In detail, the signal input 110 may be used for receiving a signal to be processed. The input end of the in-phase proportional amplifying unit 120 is electrically connected to the signal input end 110, and is configured to amplify the signal to be processed and output a pre-amplified signal. The input end of the power amplifying unit 130 is electrically connected to the output end of the in-phase proportional amplifying unit 120, and is configured to amplify the pre-amplified signal and output a target amplified signal, where the power amplifying unit 130 includes a transistor device. The signal output end 140 is electrically connected to the output end of the power amplifying unit 130, and is configured to output the target amplified signal.

Based on the above circuit design, since the power amplification unit 130 includes one transistor device, compared with the conventional technical scheme that two or more transistors are adopted, the cross-over distortion is not generated due to alternate on/off, so that the problem that the cross-over distortion is easily generated in the process of amplifying a signal in the prior art is solved. And, compared with the conventional technical scheme that two or more transistors are adopted, the damping of the load by a single transistor is bidirectional, so that the improvement of the circuit damping coefficient can be realized.

It is understood that, in an alternative example, in conjunction with fig. 3, the in-phase proportional amplifying unit 120 may include an operational amplifier ICA, a first voltage-dividing resistor R11, a second voltage-dividing resistor, a first feedback resistor R21, and a second feedback resistor R22.

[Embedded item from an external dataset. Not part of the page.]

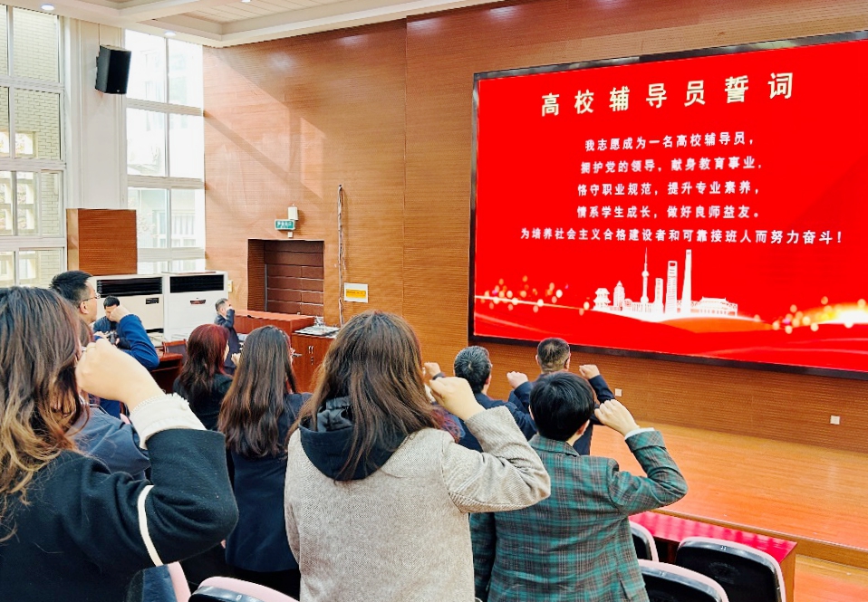 观影后,全体与会者一起重温高校辅导员誓词,表达了奉献教育事业、全心全意服务学生成长的坚定决心。

In detail, the operational amplifier ICA includes a non-inverting input terminal as an input terminal of the non-inverting proportional amplifying unit 120, an inverting input terminal, and an amplifying output terminal as an output terminal of the non-inverting proportional amplifying unit 120. A first terminal of the first voltage dividing resistor R11 is electrically connected to the regulated power supply 200. A first end of the second voltage-dividing resistor is electrically connected to a second end of the first voltage-dividing resistor R11 and the non-inverting input terminal, respectively, and a second end of the second voltage-dividing resistor is grounded. A first end of the first feedback resistor R21 is electrically connected to the amplification output terminal. The first end of the second feedback resistor R22 is electrically connected to the second end of the first feedback resistor R21 and the inverting input terminal, respectively, and the second end of the second feedback resistor R22 is grounded.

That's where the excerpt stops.